Gate 5 - Verification And Handoff: - Run a live two-consumer Snowflake/Event Hub ownership and load-balancing smoke test if credentials and test infrastructure are available. - Update operator docs for identity, ownership, checkpoint behavior, and remaining warnings. - Verify that code comments explain the chosen safety/SDK decisions and include vendor documentation links where those decisions depend on external SDK behavior. - Document that Snowflake ownership uses a Hybrid Table for enforced primary-key claims; operators without Hybrid Table support/privileges should use Postgres control tables or migrate/drop an existing standard ownership table before enabling Snowflake ownership.
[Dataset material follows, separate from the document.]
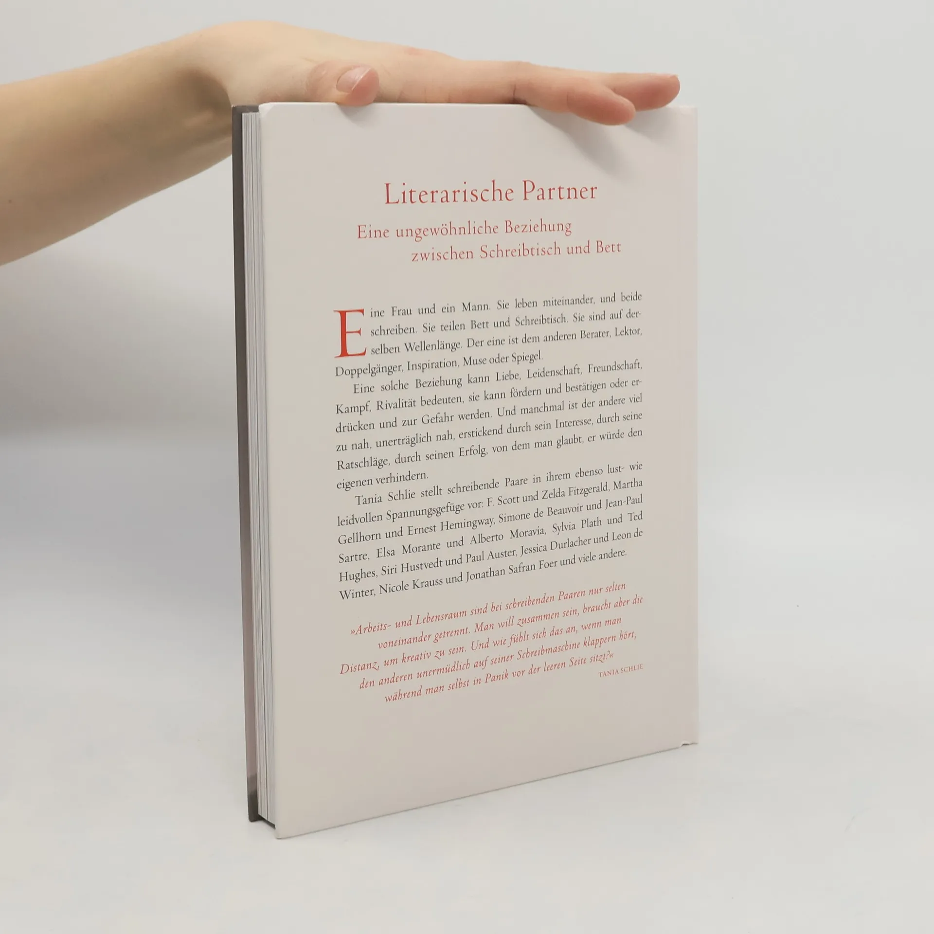 Eine Frau und ein Mann. Sie leben miteinander, und beide schreiben. Sie teilen Bett und Schreibtisch. Sie sind auf derselben Wellenlänge. Der eine ist dem anderen Berater, Lektor, Doppelgänger, Inspiration, Muse oder Spiegel. Eine solche Beziehung kann Liebe, Leidenschaft, Freundschaft, Kampf, Rivalität bedeuten, sie kann fördern und bestätigen oder erdrücken und zur Gefahr werden. Und manchmal ist der andere viel zu nah – durch sein Interesse, durch seine Ratschläge, durch seinen Erfolg, von dem man glaubt, er würde den eigenen verhindern. Und zu dem man vielleicht selbst beigetragen hat, auch wenn dieser Beitrag selten sichtbar wird. Tania Schlie stellt 28 schreibende Paare in ihrem ebenso lust- wie leidvollen Spannungsgefüge vor: F. Scott und Zelda Fitzgerald, Martha Gelhorn und Ernest Hemingway, Simone de Beauvoir und Jean-Paul Sartre, Elsa Morante und Alberto Moravia, Sylvia Plath und Ted Hughes, Siri Hustvedt und Paul Auster, Jessica Durlacher und Leon de Winter, Nicole Krauss und Jonathan Safran Foer und viele andere.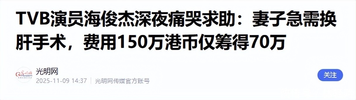 11日,香港资深艺人海俊杰通过社交媒体发布紧急求助视频,透露妻子莫家慈突患急性肝衰竭,已连续昏小时,情况危急,急需前往广州接受肝脏移植手术,预计医疗费用高万港币。

Latest live-smoke status: - Full mocked test suite passes: 415 passed, with 2 existing warnings. - Live Event Hub sender succeeds against evsnowqa20260428230344.servicebus.windows.net/topic1 when using a namespace SAS connection string retrieved from Azure CLI. - Live pipeline with Snowflake control-table ownership fails closed before receiving messages because Snowflake Hybrid Tables are not available on the current trial account. - Live pipeline with Docker-backed Postgres control tables succeeds end to end: the sender wrote 5 marker messages, Event Hub receive processed them, Snowpipe Streaming flushed partition channels, and Snowflake query found 5 marker rows. - Live pipeline with Docker-backed Postgres control tables also passes a two-consumer load-balancing smoke: 80 unique marker rows reached Snowflake across partitions 0,1. - Live Snowflake standard-table checkpoint smoke passes in single-consumer mode: INGESTION.PUBLIC.INGESTION_STATUS_SMOKE_20260524180843 was seeded from current Event Hub offsets, phase A ingested 20 rows for marker snowflake-control-smoke-a-20260524180843, phase B restarted from the Snowflake checkpoints and ingested 20 rows for marker snowflake-control-smoke-b-20260524180843, and checkpoint rows advanced for both partitions. This validates Snowflake-backed checkpoints/resume only; partition ownership remains local and is not a durable multi-consumer ownership proof. - The configured Azure Postgres fallback is still not currently usable from this machine: the configured host is stale, and the discovered Azure Postgres hosts reject the configured credentials.